[Data extracted from a collection]
'''

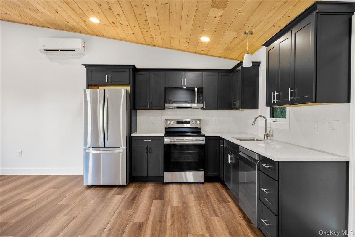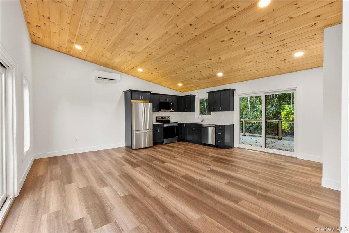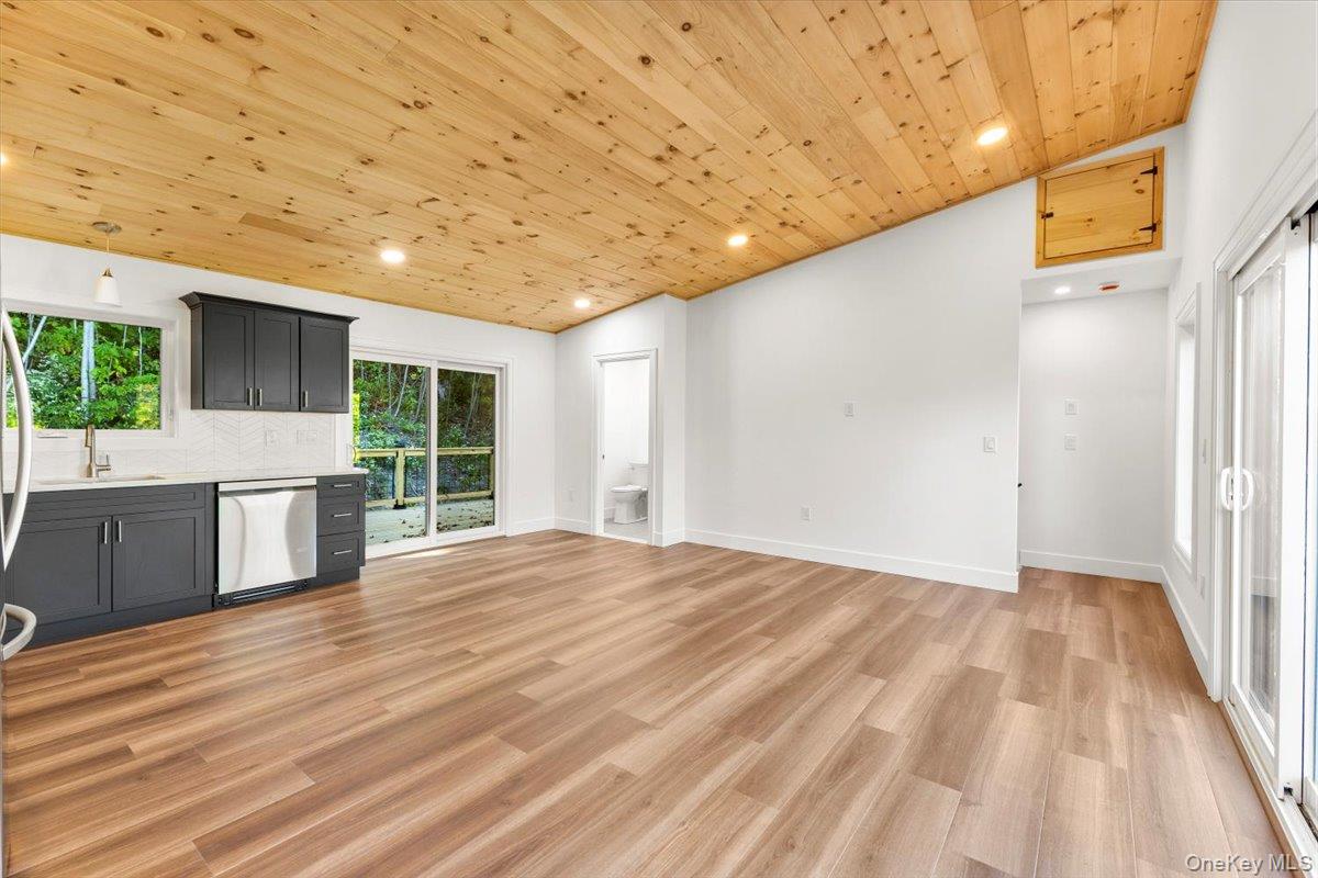 Perched along a quiet country road, this completely renovated contemporary home offers a unique layout that blends comfort, privacy, and stunning Hudson Valley surroundings. The main living area, located on the second floor, features an open-concept design with kitchen, dining, and living spaces flowing together seamlessly. A half bath adds convenience, while sliding doors lead to a spacious back deck that feels worlds away—secluded in nature and perfect for outdoor dining or relaxing. At the front of the home, a balcony captures peaceful country views. On the first floor, you'll find the private en suite bedroom retreat, complete with a tiled walk-in shower and full bath. The finished walkout basement is where you'll find the 2nd bedroom and could also be used a studio, office, gym, or guest area. This level also includes a half bath, laundry, and mechanicals, making it as functional as it is versatile. All of this is just minutes to the Village of Catskill, Hudson River waterfront, and an easy drive to Hudson, Saugerties, and Woodstock—offering endless options for dining, shopping, art, and outdoor recreation in the Catskills. Whether for full-time living or a weekend escape, 711 Vedder Mountain Road delivers a perfect balance of contemporary style and Hudson Valley tranquility.
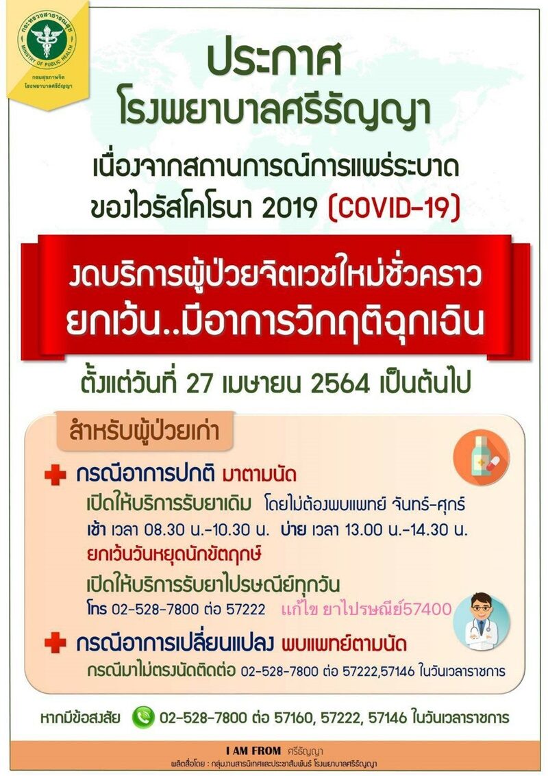 วันที่ 26 เม.ย. 2564 ที่โรงพยาบาลศรีธัญญา ถนนติวานนท์ ต.ตลาดขวัญ อ.เมืองนนทบุรี จ.นนทบุรี ผู้สื่อข่าวรายงาน เจ้าหน้าที่รพ.ได้ติดป้ายประกาศของโรงพยาบาลศรีธัญญา ระบุว่า เนื่องจากสถานการณ์การแพร่ระบาดของไวรัสโคโรน่า 2019 ( COVID-19 ) งดบริการผู้ป่วยจิตเวชใหม่ชั่วคราว ยกเว้น..มีอาการวิกฤติฉุกเฉิน ตั้งแต่ 27 เมษายน 2564 เป็นต้นไป
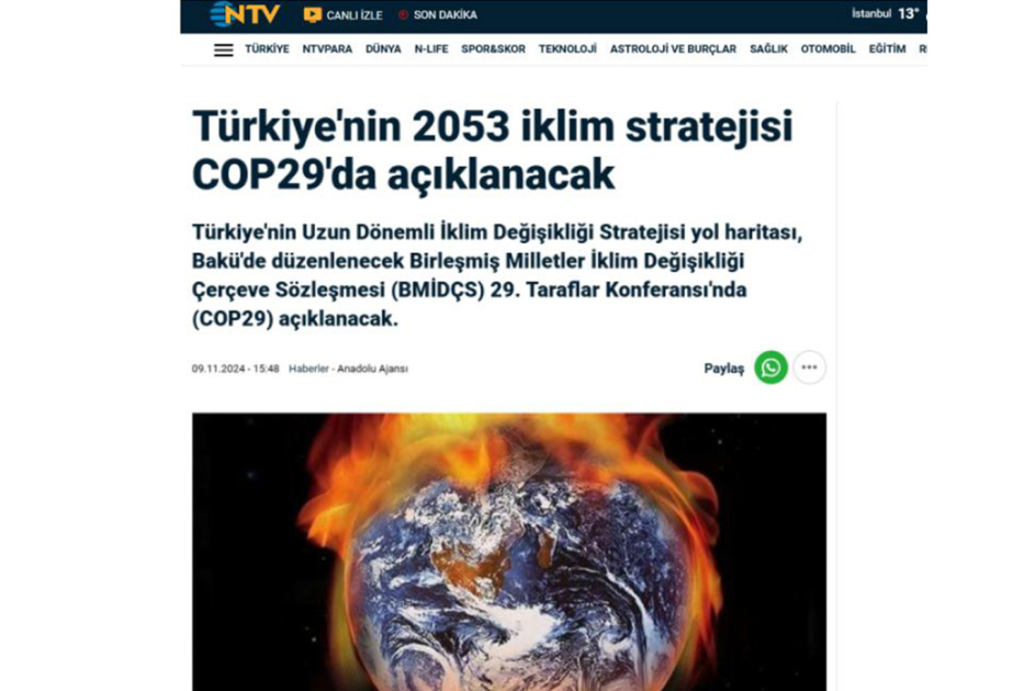 Türkiyə COP29-da 2053-cü ilə qədər ətraf mühit hədəflərini açıqlayacaq
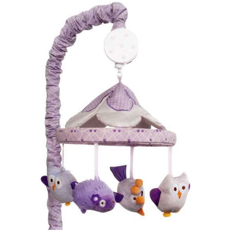 Your baby can watch colorful icons spin while Brahms' Lullaby plays, lulling your baby to sleep. This musical mobile attaches to most cribs and requires easy adult assembly.
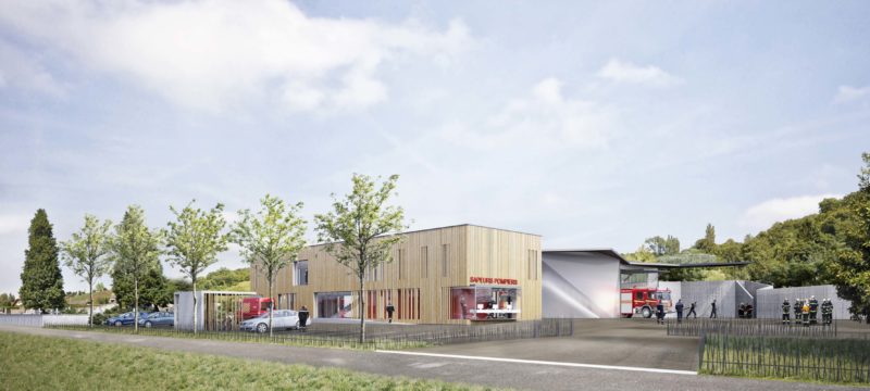 Le bâtiment administratif en bois apporte une certaine douceur dans un ensemble très fonctionnel et donne une image apaisée et contemporaine à la fonction des sapeurs-pompiers.
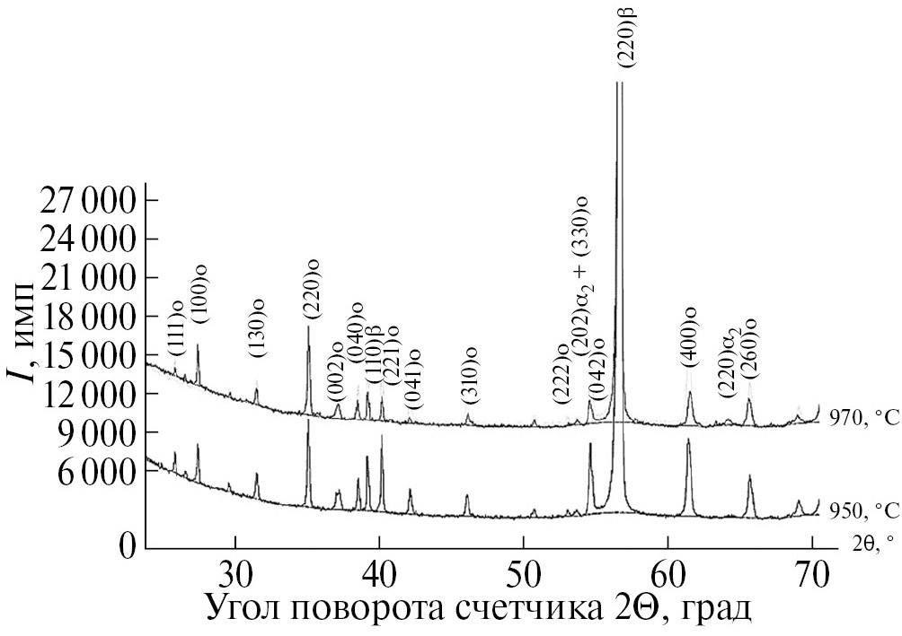 Анализ данных на рис. 8 показал, что после охлаждения в ячейке СТА со скоростями 10…80 °С/мин с температур нагрева 950, 970 °C на дифрактограммах присутствуют только линии О-, β-фаз. Линии α2-фазы, наблюдавшиеся после закалки с 970 °С, отсутствуют, но при этом возникают, например, слабые дополнительные линии на углах ≈62°…63° и ≈64°…65° типа 400о и 260о, характерные для О-фазы, имеющей низкую ромбичность из-за относительно малого содержания в ней ниобия [37, 38] (показано на рис. 8б пунктиром изменение положения этих линий в зависимости от скорости охлаждения). Из этого можно заключить, что в ходе замедленного охлаждения происходит трансформация неравновесной при низких температурах α2-фазы в О-фазу, что наблюдали и ранее [39].
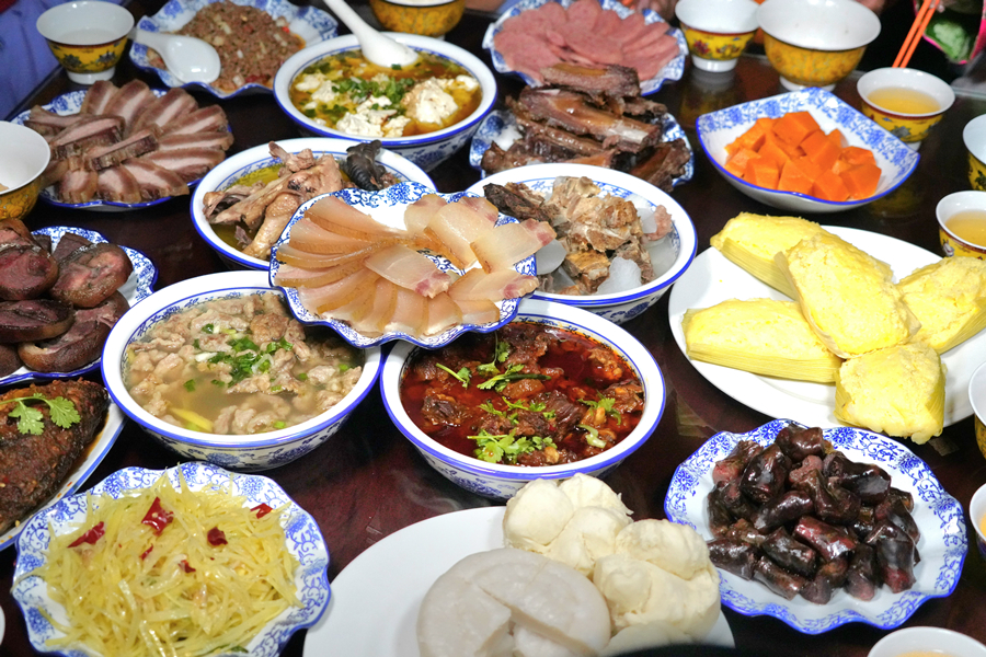 落水村的美食(1月23日摄)。

'''

[Exercise directions]
Beginning with the first line of the records above, extract each line exactly through the line that holds "Your baby can", both ends included. Omit pictures.

[Task solution]
 Perched along a quiet country road, this completely renovated contemporary home offers a unique layout that blends comfort, privacy, and stunning Hudson Valley surroundings. The main living area, located on the second floor, features an open-concept design with kitchen, dining, and living spaces flowing together seamlessly. A half bath adds convenience, while sliding doors lead to a spacious back deck that feels worlds away—secluded in nature and perfect for outdoor dining or relaxing. At the front of the home, a balcony captures peaceful country views. On the first floor, you'll find the private en suite bedroom retreat, complete with a tiled walk-in shower and full bath. The finished walkout basement is where you'll find the 2nd bedroom and could also be used a studio, office, gym, or guest area. This level also includes a half bath, laundry, and mechanicals, making it as functional as it is versatile. All of this is just minutes to the Village of Catskill, Hudson River waterfront, and an easy drive to Hudson, Saugerties, and Woodstock—offering endless options for dining, shopping, art, and outdoor recreation in the Catskills. Whether for full-time living or a weekend escape, 711 Vedder Mountain Road delivers a perfect balance of contemporary style and Hudson Valley tranquility.
 วันที่ 26 เม.ย. 2564 ที่โรงพยาบาลศรีธัญญา ถนนติวานนท์ ต.ตลาดขวัญ อ.เมืองนนทบุรี จ.นนทบุรี ผู้สื่อข่าวรายงาน เจ้าหน้าที่รพ.ได้ติดป้ายประกาศของโรงพยาบาลศรีธัญญา ระบุว่า เนื่องจากสถานการณ์การแพร่ระบาดของไวรัสโคโรน่า 2019 ( COVID-19 ) งดบริการผู้ป่วยจิตเวชใหม่ชั่วคราว ยกเว้น..มีอาการวิกฤติฉุกเฉิน ตั้งแต่ 27 เมษายน 2564 เป็นต้นไป
 Türkiyə COP29-da 2053-cü ilə qədər ətraf mühit hədəflərini açıqlayacaq
 Your baby can watch colorful icons spin while Brahms' Lullaby plays, lulling your baby to sleep. This musical mobile attaches to most cribs and requires easy adult assembly.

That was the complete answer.